Facile Synthesis of N-Doped Graphene-Like Carbon Nanoflakes as Efficient and Stable Electrocatalysts for the Oxygen Reduction Reaction
Corresponding Author: Jiacheng Wang
Nano-Micro Letters,
Vol. 10 No. 2 (2018), Article Number: 29
Abstract
A series of N-doped carbon materials (NCs) were synthesized by using biomass citric acid and dicyandiamide as renewable raw materials via a facile one-step pyrolysis method.
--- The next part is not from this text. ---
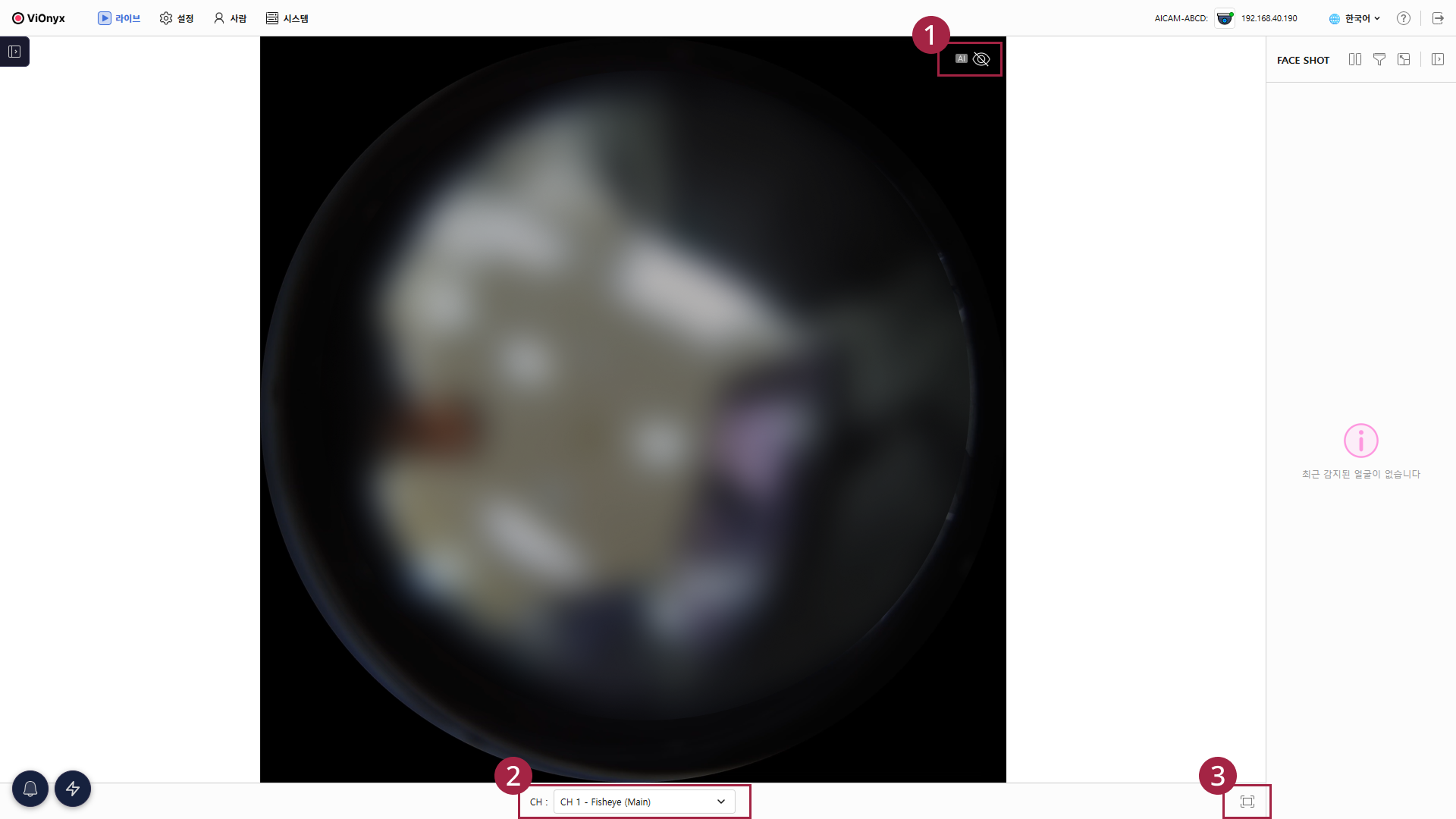 VyOnyx Web Server의 라이브 메뉴에서는 카메라가 촬영 중인 영상을 실시간으로 확인할 수 있습니다. 원하는 채널과 뷰 모드를 선택하고, 화면을 확대하거나 전체 화면으로 볼 수 있습니다.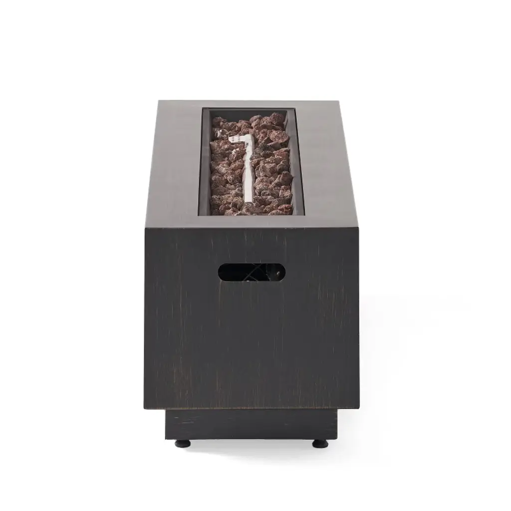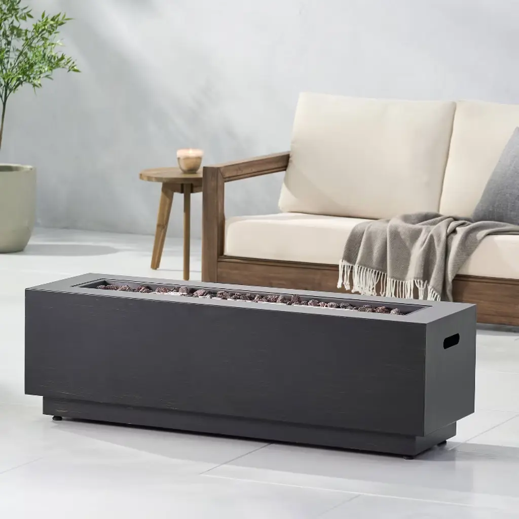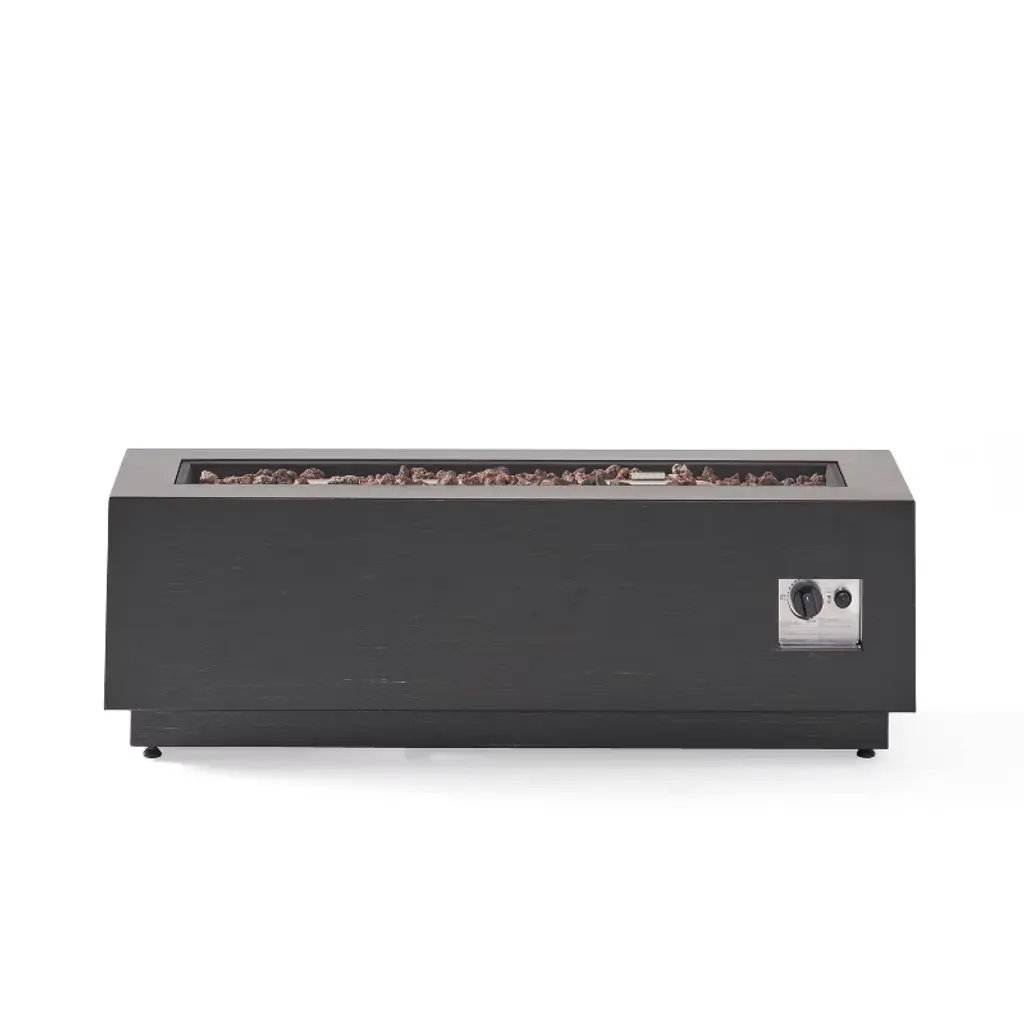 Gather your friends and family and enjoy the delightful warmth around a fire. With a rectangular structure of powder-coated iron, this 50,000 BTU propane gas fire pit not only offers an incredible upgrade in style but is also perfect for parties due to its easy seating arrangement. From intimate conversations around a cozy fire to stargazing on cool summer nights, our fire pit will have no trouble gathering everyone together for hours of quality time. Please note that tank holder is NOT included.MODERN DESIGN: With clean, precise lines, our fire pit is the ideal modern accessory for your interior space. Finished with a chic metal frame, this piece not only offers a chic, minimalistic look but also provides incredible structure.IRON FIRE PIT WITH FINISH: Constructed of powder-coated iron, the frame of this fire pit is made to be incredibly durable, ensuring that this piece will hold up under use. The frame is finished with a complementing color, making this an understated yet chic addition to your home.50,000 BTU: Featuring a rectangular shape and a BTU of 50,000, our fire pit allows easy seating arrangement for you and your guests, providing light and warmth all around during those chilly evenings. Please note that this fire pit is propane gas only.DIMENSIONS: Choose an accessory that is the perfect size for you and your furniture. This fire pit is 48.00" W x 15.00" D x 15.00" H. You will love how much your space can transform with the simple addition of this charming fire pit.NO ASSEMBLY REQUIRED: No assembly is required for this fire pit. Simply place the lava rocks in the pit without covering the burner, and then plug in your standard-size propane tank and enjoy your fire pit. Please note that tank holder is NOT included.

The characterization of microstructural features shows that the NCs samples are composed of few-layered graphene-like nanoflakes with controlled in situ N doping, which is attributed to the confined pyrolysis of citric acid within the interlayers of the dicyandiamide-derived g-C3N4 with high nitrogen contents. Evidently, the pore volumes of the NCs increased with the increasing content of dicyandiamide in the precursor. Among these samples, the NCs nanoflakes prepared with the citric acid/dicyandiamide mass ratio of 1:6, NC-6, show the highest N content of ~6.2 at%, in which pyridinic and graphitic N groups are predominant. Compared to the commercial Pt/C catalyst, the as-prepared NC-6 exhibits a small negative shift of ~66 mV at the half-wave potential, demonstrating excellent electrocatalytic activity in the oxygen reduction reaction. Moreover, NC-6 also shows better long-term stability and resistance to methanol crossover compared to Pt/C. The efficient and stable performance are attributed to the graphene-like microstructure and high content of pyridinic and graphitic doped nitrogen in the sample, which creates more active sites as well as facilitating charge transfer due to the close four-electron reaction pathway. The superior electrocatalytic activity coupled with the facile synthetic method presents a new pathway to cost-effective electrocatalysts for practical fuel cells or metal–air batteries.
Highlights:
1 N-doped carbon nanoflakes (NCs) were synthesized via facile one-pot pyrolysis of citric acid and dicyanamide.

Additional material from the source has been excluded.